▶ **What is expected**: Return the listing below unchanged, minus its pictures.

▶ **Collected data**:
--- START ---

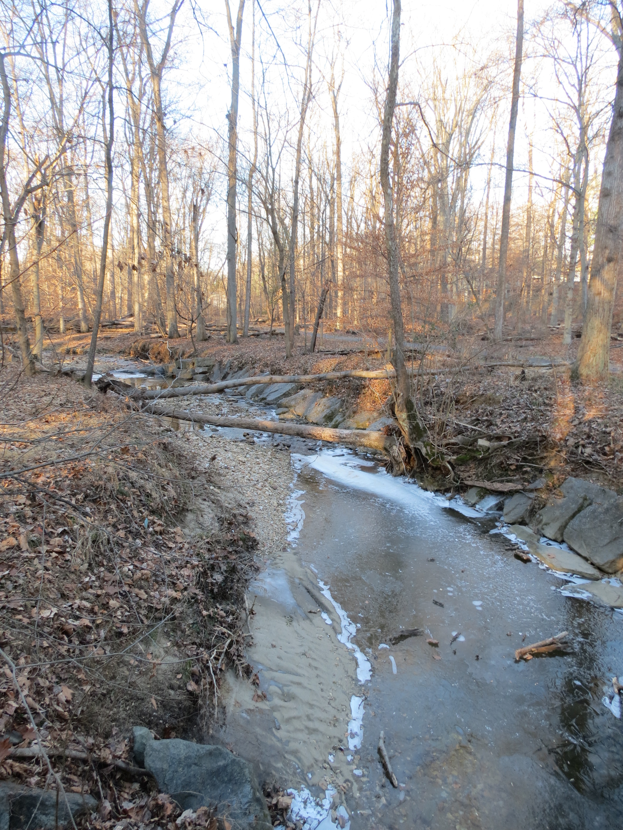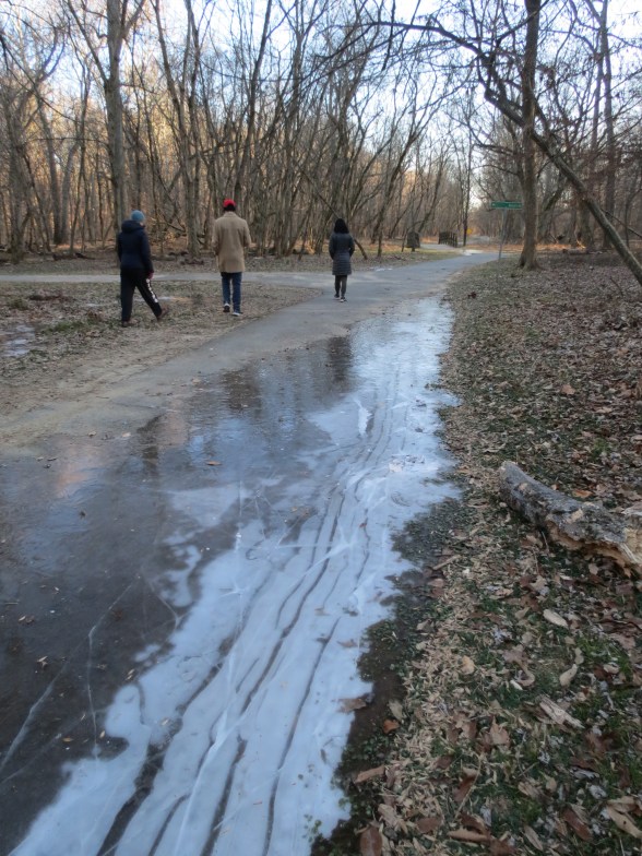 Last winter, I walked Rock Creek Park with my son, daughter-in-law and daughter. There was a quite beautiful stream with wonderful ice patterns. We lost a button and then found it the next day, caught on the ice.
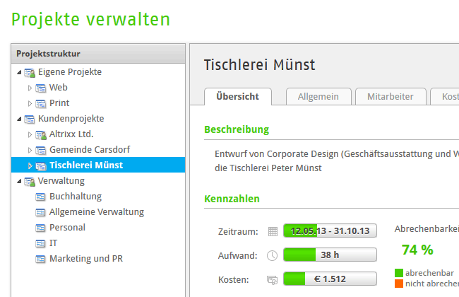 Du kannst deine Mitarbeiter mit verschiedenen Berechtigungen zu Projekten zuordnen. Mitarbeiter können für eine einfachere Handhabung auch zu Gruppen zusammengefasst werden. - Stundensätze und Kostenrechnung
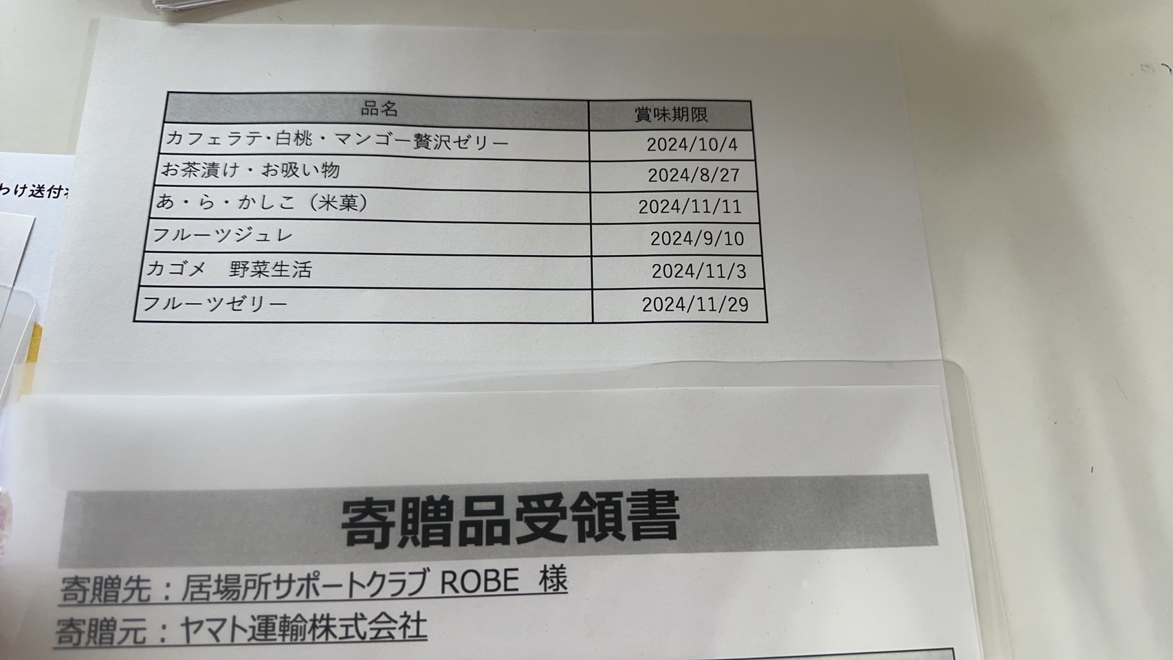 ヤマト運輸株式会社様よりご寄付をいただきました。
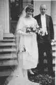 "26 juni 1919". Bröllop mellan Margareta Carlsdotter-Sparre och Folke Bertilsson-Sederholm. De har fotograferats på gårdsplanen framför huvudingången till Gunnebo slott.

--- END ---

▶ **Response area**:
 Last winter, I walked Rock Creek Park with my son, daughter-in-law and daughter. There was a quite beautiful stream with wonderful ice patterns. We lost a button and then found it the next day, caught on the ice.
 Du kannst deine Mitarbeiter mit verschiedenen Berechtigungen zu Projekten zuordnen. Mitarbeiter können für eine einfachere Handhabung auch zu Gruppen zusammengefasst werden. - Stundensätze und Kostenrechnung
 ヤマト運輸株式会社様よりご寄付をいただきました。
 "26 juni 1919". Bröllop mellan Margareta Carlsdotter-Sparre och Folke Bertilsson-Sederholm. De har fotograferats på gårdsplanen framför huvudingången till Gunnebo slott.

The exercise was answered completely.